* [Directions]: When you copy the material below, keep every line exact and drop the pictures.

* [Input data]:
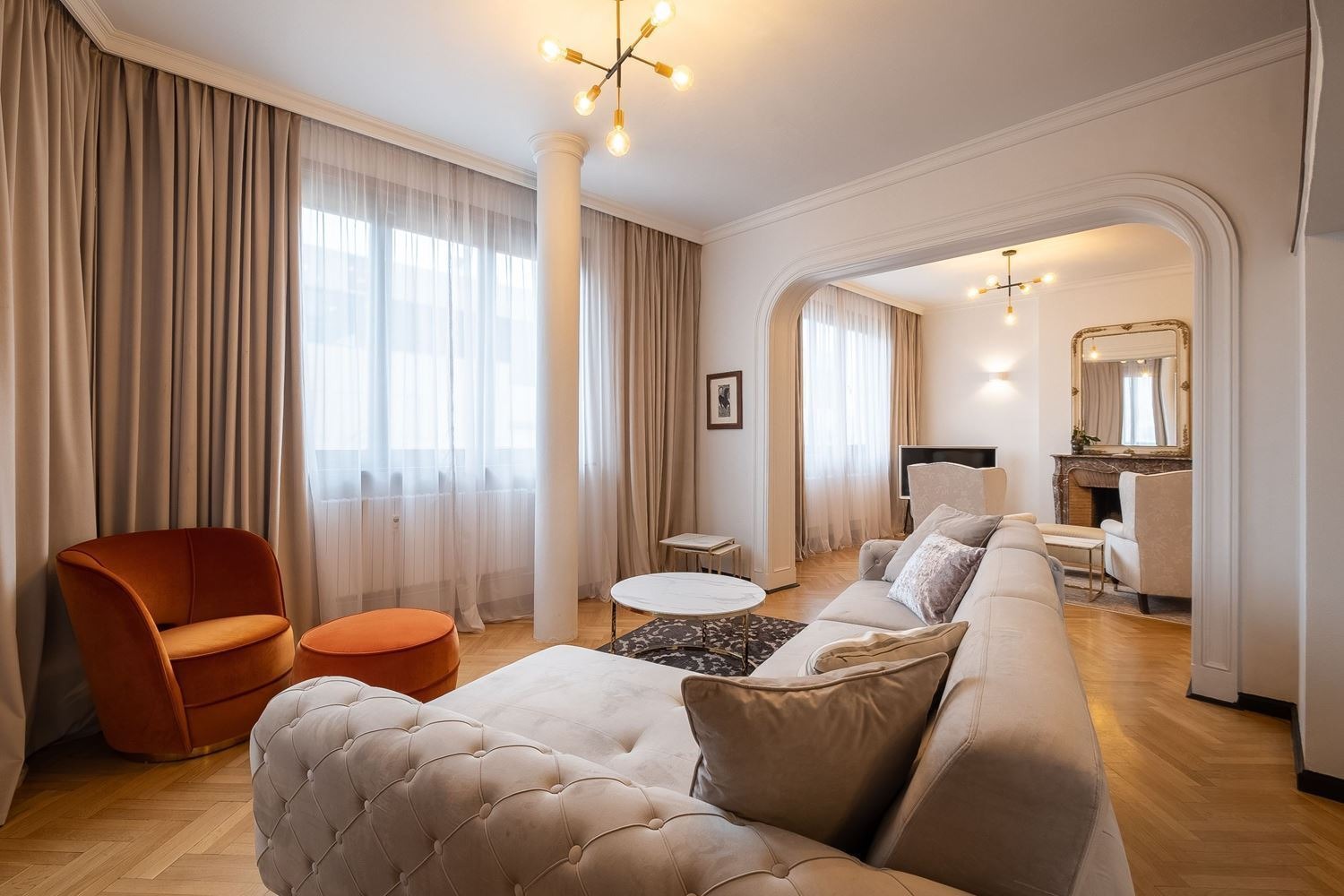 Уникален апартамент в аристократичната част на София , разкриващ невероятни гледки към паметникът на цар Освободител, сградата на Народното събрание и Храм-паметникът Св. Александър Невски, както и фасадата на Софийския университет.
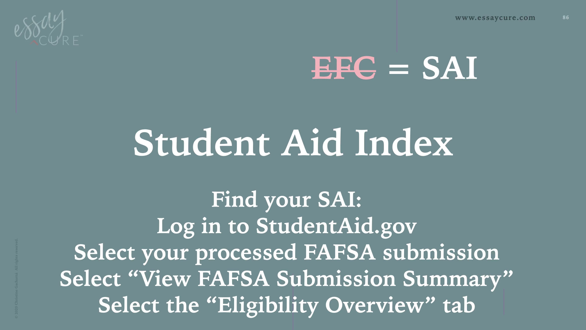 The federal government has since changed the wording to “Student Aid Index” or SAI, which I think softens the blow for parents (making parents less outraged at the government, although it doesn’t do much to soften the blow for shouldering the costs of higher education.)
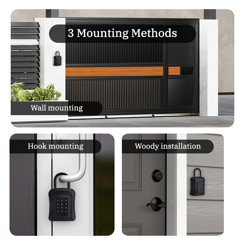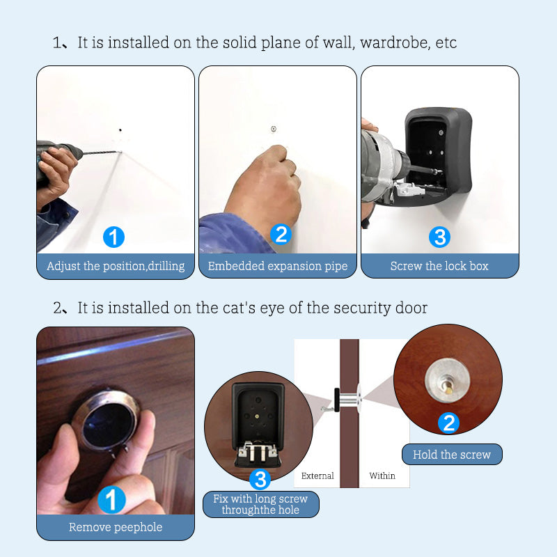 Conveniently store your Key safely in the Smart Keybox and send your visitor / Guest a temporary password to get the keys to enter your house. It is rust-resistant. It's a sturdy and reliable key-safe box, lockbox was made of high-strength Aluminum alloy, which can protect the box from hammering, sawing, or prying. You could hang it exactly where you need like a door knob or car or you can fix the lock box on the door or wall. The lock box is suitable for indoor and outdoor use.

* [Task answer]:
 Уникален апартамент в аристократичната част на София , разкриващ невероятни гледки към паметникът на цар Освободител, сградата на Народното събрание и Храм-паметникът Св. Александър Невски, както и фасадата на Софийския университет.
 The federal government has since changed the wording to “Student Aid Index” or SAI, which I think softens the blow for parents (making parents less outraged at the government, although it doesn’t do much to soften the blow for shouldering the costs of higher education.)
 Conveniently store your Key safely in the Smart Keybox and send your visitor / Guest a temporary password to get the keys to enter your house. It is rust-resistant. It's a sturdy and reliable key-safe box, lockbox was made of high-strength Aluminum alloy, which can protect the box from hammering, sawing, or prying. You could hang it exactly where you need like a door knob or car or you can fix the lock box on the door or wall. The lock box is suitable for indoor and outdoor use.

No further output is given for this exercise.